What Mythic Madness is This?

(This post is from The Monster's Daughter and Company, my public Facebook page.) 

People often ask me what kind of novels I write. I am always stumped by this question because my books don't fit into any one category. Although I've always thought this kind of eclecticism was a strength, publishers and some readers have not been thrilled: Why can’t I pick a category and stick to it? I am a librarian, too, and some librarians categorize work for a living, and the rest of us abide by those categories. It helps us find things more quickly when we need them. But I’m not fond of labels or categories for fiction. They are too confining.

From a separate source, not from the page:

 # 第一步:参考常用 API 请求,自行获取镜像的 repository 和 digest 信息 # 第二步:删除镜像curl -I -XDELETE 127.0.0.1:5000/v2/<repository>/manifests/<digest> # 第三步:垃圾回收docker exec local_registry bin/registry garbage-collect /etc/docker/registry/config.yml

Some critics and readers have called my work mythic fiction. I love this definition that Charles de Lint and/or Terri Windling came up with to describe a certain kind of speculative fiction—and I'm gratified that Coyote Cowgirl makes the list of 100 fine Mythic Novels by 100 fine authors at the Journal of Mythic Arts. Even my "straight" novels (like Swans in Winter, Jewelweed Station, Whackadoodle Times, and Broken Moon) are informed by the mythic. 

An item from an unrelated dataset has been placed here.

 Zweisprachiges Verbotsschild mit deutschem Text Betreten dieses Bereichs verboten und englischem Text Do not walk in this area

When pressed, I will say that my work is mythic fiction or what I call American magical realism. The quintessential magical realist novels are those Latin American tales where the mysterious and unexplained are a part of everyday life. When I wrote The Jigsaw Woman my intention was to write a novel in the genre of American Magical Realism even though such a genre didn’t exist. For me, an American Magical Realist tale would be inherently “American” in a way that wasn’t always explainable, although I suspected technology would often be the linchpin in these tales—even if only ephemerally so, if that’s possible. And the mysterious would come from the ground up, from the flora, fauna, and stories of the people of the Americas.

In The Jigsaw Woman, Keelie is created from pieces of three dead women, à la Frankenstein. She literally embodies the life of the mythic goddess Inanna—and so many other women. Although The Gaia Websters is ostensibly science fiction, Gloria and her abilities remain mysterious throughout. Her awakening—her re-membering—takes place at one of the hearts of the Americas: the Grand Canyon. The Monster—Mr. Em—in The Monster’s Daughter comes to the United States from Europe, but the story of Mr. Em and Emily could only take place in the American West. 

As the years go by, more and more of my stories are deeply rooted in the American West. Butch, Coyote Cowgirl, Church of the Old Mermaids, The Desert Siren, and The Fish Wife all take place in the Southwest. (The Fish Wife begins in Ireland; she travels to New Orleans and then lands in the Sonoran Desert in Mexico.) And that’s just the Southwest. Many of my other novels take place in other parts of the western United States. I find the western United States naturally mythic: The land just reverberates with story in a way I find I cannot articulate except through writing novels.

Does that mean my fiction should be called geography fiction? Geographical fiction. That has absolutely no ring or magic to it! Sacred geography fiction? Naw. Mythic fiction is so lovely, and American magical realism describes who I am and what I write. I am a distinctly American writer (not in a jingoistic way, but in a geographical sense: the land inspires every story I write). My stories are magical, in many senses of that word even if the novels are straight mainstream stories. Realism is what my mythic magical tales are bound up in. 

Too complicated? Am I twisting myself up in knots trying to come up with a category? Probably. That’s why I don’t like categories. Mario says my work is the Kim Antieau genre. That’s enough definition. I suppose it would be if more people knew my work! What does it mean to say it’s a Kim Antieau novel? I don’t know. Those who read my writing could better tell that. Mario says it means the story always has heart, strangeness, and usually food. I can live with that. How about you?

(Definition of Mythic Fiction: Mythic fiction is literature that is rooted in, inspired by, or that in some way draws from the tropes, themes, and symbolism of myth, folklore, and fairy tales. [The Journal of Mythic Arts reading list]

Definition of Magical realism literature: Magic realism or magical realism is a genre where magic elements are a natural part in an otherwise mundane, realistic environment. [Fair,s Wendy B. and Lois Parkinson Zamora, Introduction to Magical to Magical Realism: Theory, History, Community])

The painting is "The Magic Circle" (1886) by John William Waterhouse, and it is in the public domain.